Mandalas are commonly used by tantric Buddhists as an aid to meditation.

The mandala is "a support for the meditating person", something to be repeatedly contemplated to the point of saturation, such that the image of the mandala becomes fully internalised in even the minutest detail and can then be summoned and contemplated at will as a clear and vivid visualized image. With every mandala comes what Tucci calls "its associated liturgy ... contained in texts known as tantras", instructing practitioners on how the mandala should be drawn, built and visualised, and indicating the mantras to be recited during its ritual use.

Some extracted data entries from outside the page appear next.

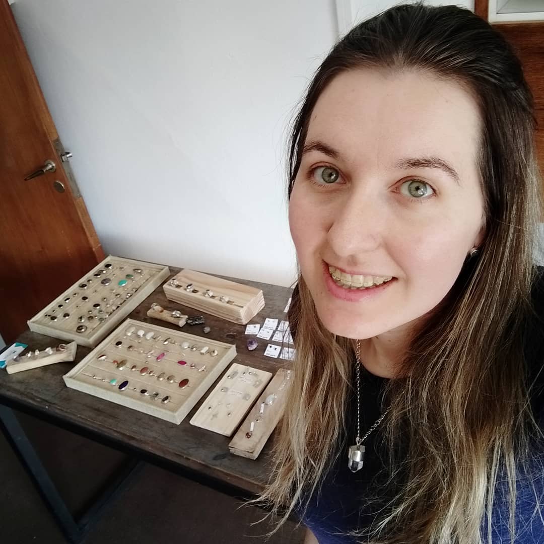 Me llamo Pilar Sanz, tengo 39 años. Nacida y criada en Bariloche. Alrededor de mediados de 2017 empecé a hacer joyería. Soy autodidacta. Tomé solo un par de clases al principio y después seguí sola...prueba y error. Mi abuelo paterno y mi papá fueron joyeros (grandes y reconocidos joyeros de Bariloche), creo que haber estado de chiquita en el taller ayudó hizo que algo quede dando vuelta en los genes, hizo que todo fluya más fácil y rápido. Dos de mis hermanos siguieron también el oficio y ellos me van guiando y aconsejando en este hermoso camino.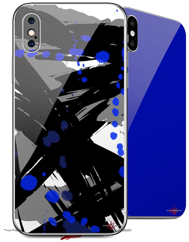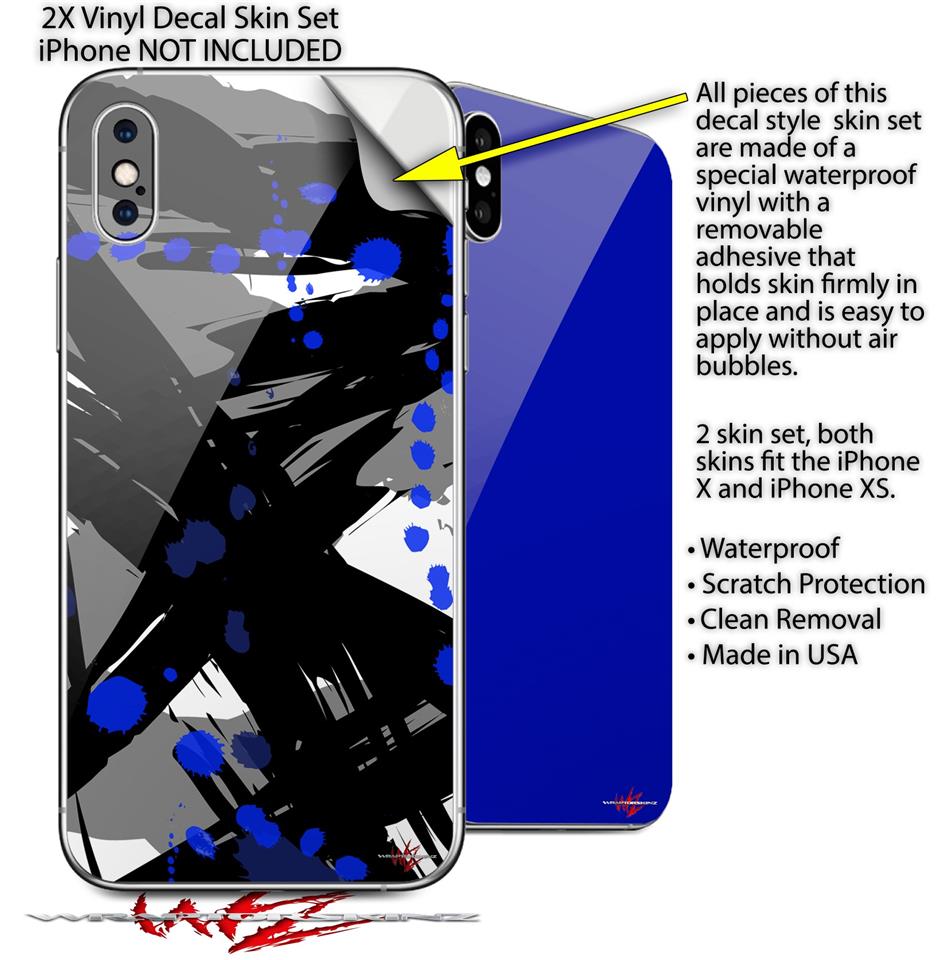 2 Decal style Skin Wraps set compatible with Apple iPhone X and XS Abstract 02 Blue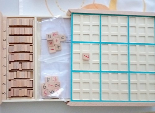 Pro milovníky Sudoku super. V papírové knize si najde předlohu zadání. Tu si vyskládá na dřevěnou hrací plochu (červené číslice). V šuplíčku je pak zásoba destiček od 1 do 9 (s černými číslicemi). Lze snadno přidat anebo odebrat čislici na desku. Nový rozměr hraní Sudoku.
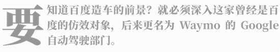 早在 2010 年,Google 已經(jīng)大力推動(dòng)自動(dòng)駕駛汽車(chē),多年來(lái)百度一直被視為“中國(guó)的 Google ”,對(duì)其亦步亦趨也是十分自然。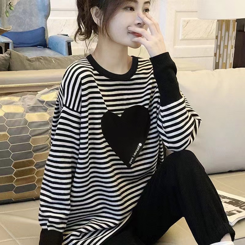 ロングシャツ レディース 大きいサイズ ボーダー柄 ボーダーシャツ 春秋 秋服 春服 長袖 薄手 丸首 トップス ゆったり 可愛い カジュアル 245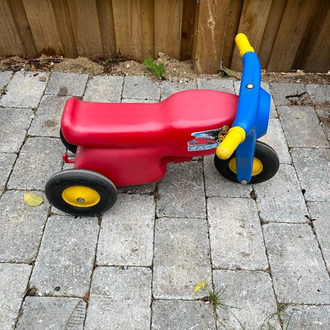 Løbecykel Børne legetøj i rød og blå farve. Fremstillet i plastikmateriale med tre hjul for stabilitet. Designet til små børn til at øve balance og motoriske færdigheder.

By visualizing "pure lands", one learns to understand experience itself as pure, and as the abode of enlightenment. The protection that we need, in this view, is from our own minds, as much as from external sources of confusion. In many tantric mandalas, this aspect of separation and protection from the outer samsaric world is depicted by "the four outer circles: the purifying fire of wisdom, the vajra circle, the circle with the eight tombs, the lotus circle". The ring of vajras forms a connected fence-like arrangement running around the perimeter of the outer mandala circle.

As a meditation on impermanence (a central teaching of Buddhism), after days or weeks of creating the intricate pattern of a sand mandala, the sand is brushed together into a pile and spilled into a body of running water to spread the blessings of the mandala.

Kværne in his extended discussion of sahaja, discusses the relationship of sadhana interiority and exteriority in relation to mandala thus:

...external ritual and internal sadhana form an indistinguishable whole, and this unity finds its most pregnant expression in the form of the mandala, the sacred enclosure consisting of concentric squares and circles drawn on the ground and representing that adamant plane of being on which the aspirant to Buddha hood wishes to establish himself. The unfolding of the tantric ritual depends on the mandala; and where a material mandala is not employed, the adept proceeds to construct one mentally in the course of his meditation."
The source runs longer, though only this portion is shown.